Direktorat Sarana dan Prasarana Universitas Airlangga (DITSARPRAS UNAIR) memiliki 6 meeting room dengan kapasitas dan desain interior yang bervariasi, tentunya ruangan-ruangan tersebut telah dipertimbangkan dengan matang demi memaksimalkan kenyamanan dan meningkatkan konsentrasi pengguna.

 

Ruang BALI

 

Auditorium

Ruang serbaguna yang dapat digunakan untuk berbagai acara seperti seminar, wisuda, public speaking, dan lainnya. Layout teater berbentuk persegi panjang dirancang untuk kenyamanan pengguna.

 

Auditorium Ternate

 

Ruang Kuliah

Gedung ini juga menyediakan ruang kuliah untuk proses belajar mengajar mahasiswa Magister (S2) dan Doktoral (S3). Ruang kuliah yang terletak di lantai 8,9, dan 10 telah dilengkapi dengan layout kursi dan daya tampung yang berbeda.

 

Ruang Doctor by Research

Ruangan ini didedikasikan bagi mahasiswa Doctor by research untuk mendukung produktivitas dan perannya dalam meningkatkan publikasi internasional UNAIR, dan dilengkapi dengan mini pantry.

 

Ruang Visiting Lecturer

Ruangan visiting lecturer adalah ruangan untuk dosen tamu dan dosen pengampu mata kuliah. Ruangan ini disediakan bagi dosen untuk kenyamanan selama waktu tunggu. Selain sebagai tempat menunggu, ruangan ini juga dapat digunakan oleh dosen untuk mempersiapkan materi perkuliahan, atau tempat berdiskusi dengan dosen lain.

 

Hall/Aula Serbaguna

Terdapat dua (2) hall serbaguna dengan kapasitas yang memadai dan menawarkan layout yang berbeda yaitu classroom style dan grandstand style. Hall berkonsep tradisional dengan dekorasi dan ornamen yang tegas dan elegan.
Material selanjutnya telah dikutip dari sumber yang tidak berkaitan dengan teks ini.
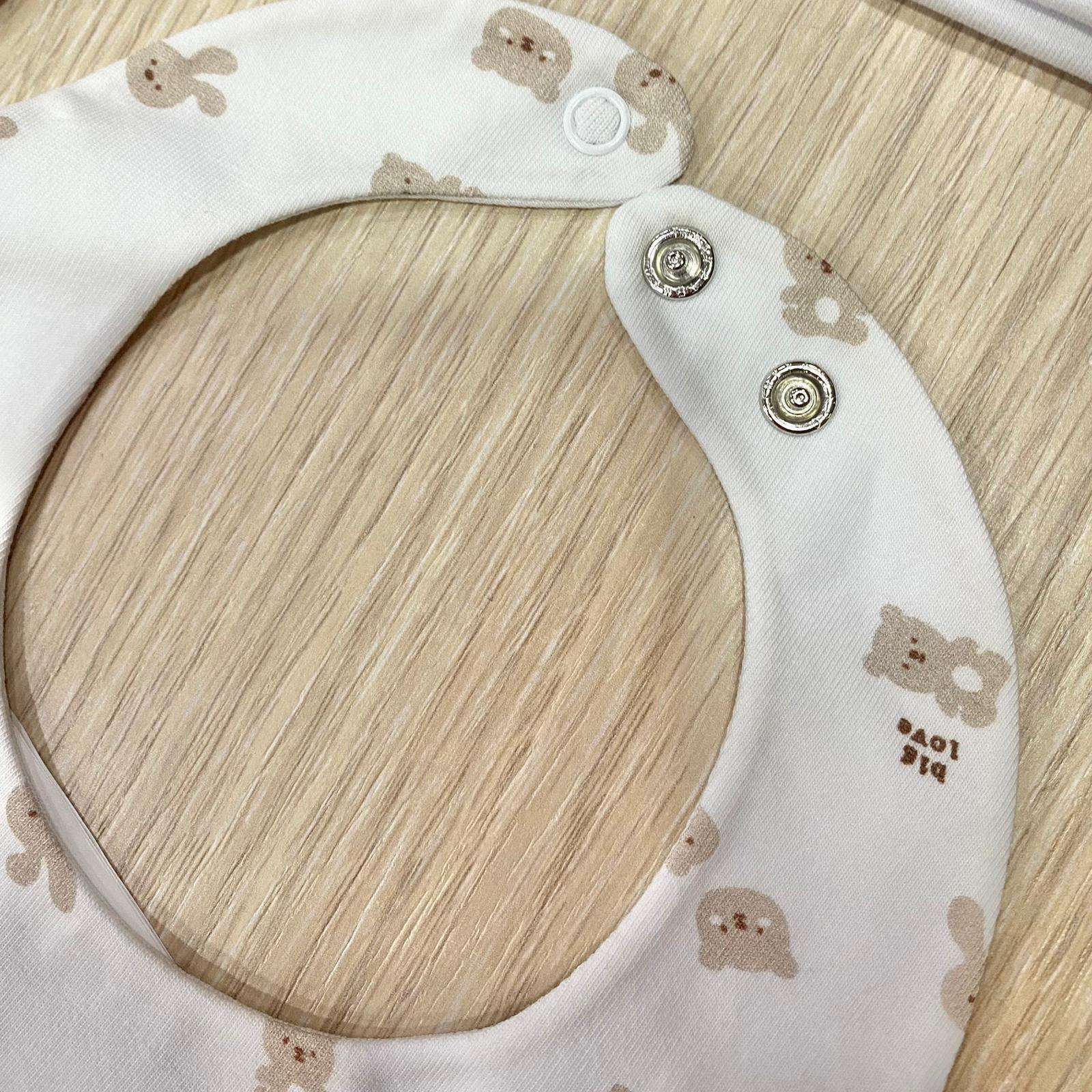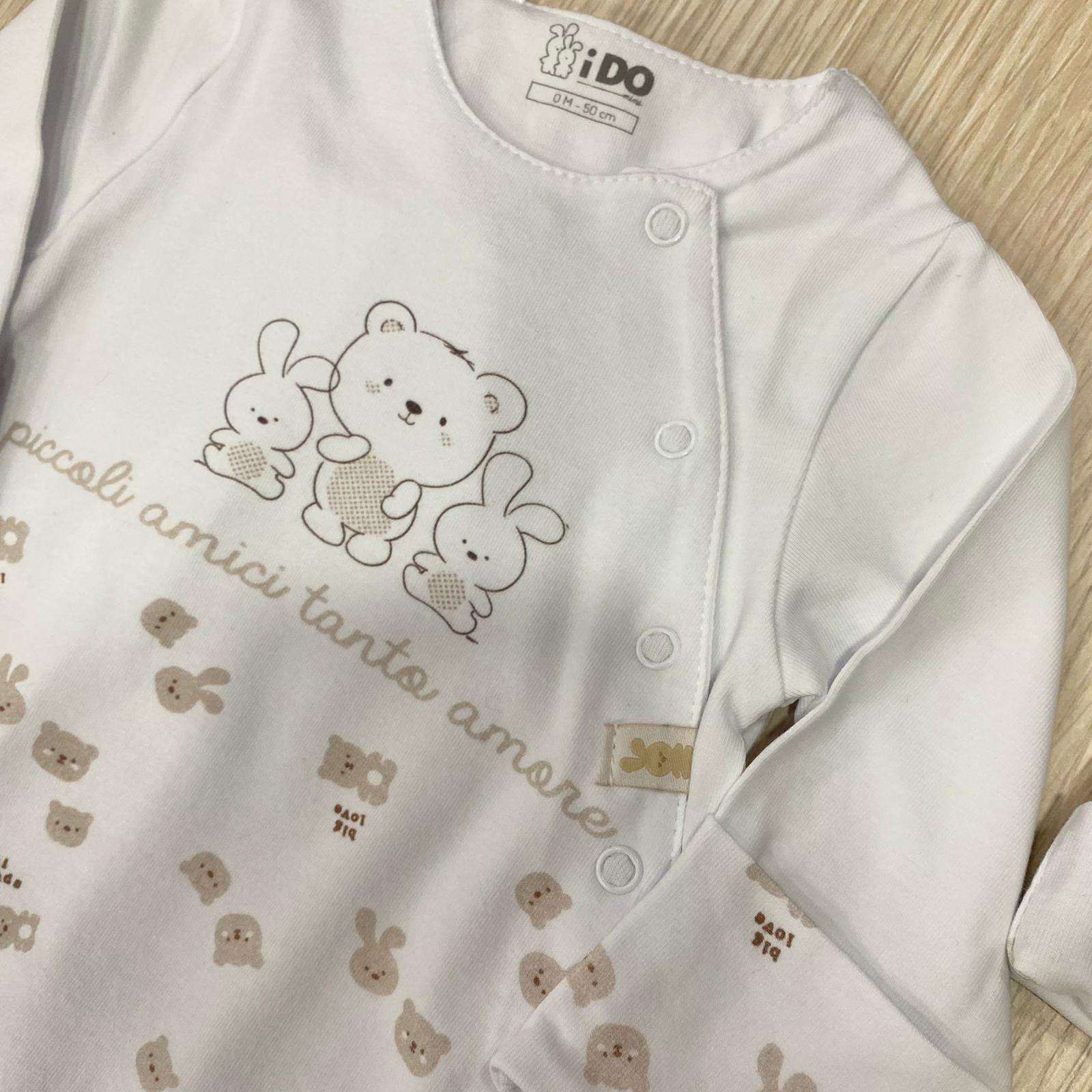 Completo tre pezzi neonato/a in cotone, di colore bianco e beige, con disegni e scritta di vari colori. Completo tre pezzi composto da: tutina intera, cappellino e bavetta.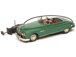 longueur : 25,5 cm - avec 2 personnages en composition - mécanisme à manivelle (fonctionne) & poussoir (à revoir) - roues non d'origine - éclats plus ou moins importants sur la carrosserie par endroits - traces d'oxydation sur le boîtier de commandes (peinture craquelée) & le câble - vitre de pare-brise dégrafée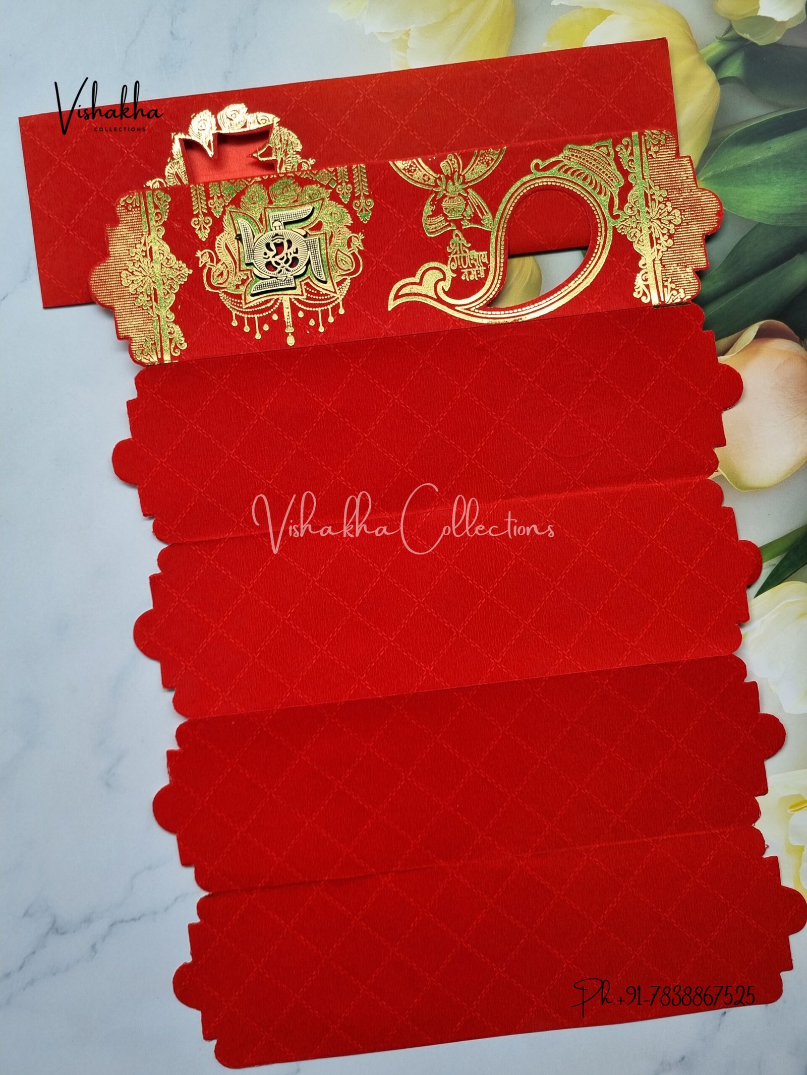 ₹6.60Red Piano style paper Scroll with Swastik Ganesh Hindu Shadi card
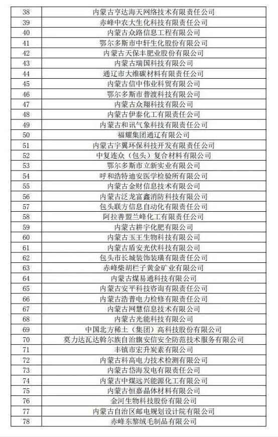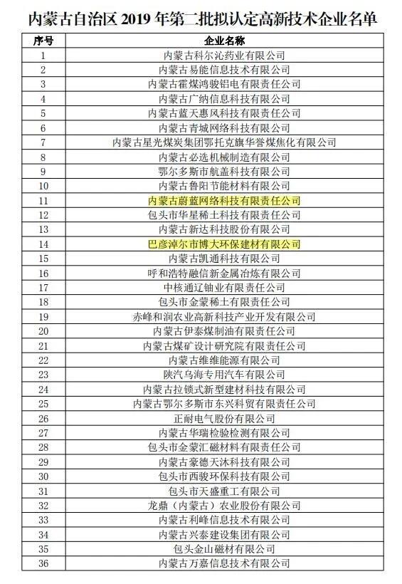 近日,全國高新技術企業(yè)認定管理工作領導小組辦公室分三批下達了內(nèi)蒙古自治區(qū)2019年高新技術企業(yè)備案名單,巴彥淖爾市草原晶鑫食品有限公司、蔚藍網(wǎng)絡科技有限責任公司、美洋洋食品有限公司等13家企業(yè)被新認定為我國高新技術企業(yè)。截至目前,全市共有高新技術企業(yè)51家。

Perpaduan warna putih, coklat tua, dan krem, memberikan kesan hangat dan nyaman.

 

Indoor Sport Center

ASEEC Tower juga menyediakan fasilitas olahraga berupa 3 line lapangan badminton indoor.

 

Lapangan Badminton Indoor ASEEC Tower

 

ASEEC Tower juga menyediakan fasilitas pendukung seperti:

 

Lobby

Fasilitas di lobby antara lain berbagai area tempat duduk, koridor lift, meja resepsionis, meja, kursi, dan sofa untuk tempat duduk dan ruang tunggu tamu. Meja resepsionis berfungsi sebagai tempat registrasi tamu dan staff yang bertugas.

 

Tempat Ibadah (Mushola)

Beberapa lantai memiliki mushola dan area kamar mandi terpisah untuk laki-laki dan perempuan.

 

Area Parkir

Tersedia area parkir motor dan mobil. Area parkir disediakan secara terpisah antara untuk karyawan atau staf gedung dan untuk tamu dan mahasiswa. 

 

Ruang Laktasi

Ruangan yang terletak di lantai 1 ini dilengkapi dengan fasilitas menyusui dan memerah ASI untuk menyusui bayi, memeras ASI, menyimpan ASI perah, dan/atau konseling menyusui/ASI. 

 

Toilet

Gedung menyediakan toilet laki-laki dan perempuan. ASEEC Tower juga merupakan gedung ramah disabilitas, sehingga gedung ini juga menyediakan toilet disabilitas. Setiap lantai menyediakan ketiga toilet ini.

 

Amenities

Ada beberapa stan food court, cafe outdoor, restaurant, dan toko (store). Ada berbagai macam makanan untuk dipilih dengan stan-stan yang menjualnya.

 

Griya Tawa

 

Tidak hanya seluruh sivitas akademika UNAIR yang dapat menikmati kemewahan dan kemegahan fasilitas gedung ASEEC Tower, masyarakat publik juga dapat merasakannya dengan memesan properti yang dikomersialkan atau disewakan melalui situs resmi SIPARU (Sistem Pemanfaatan Ruang Direktorat Sarana Prasarana Universitas Airlangga).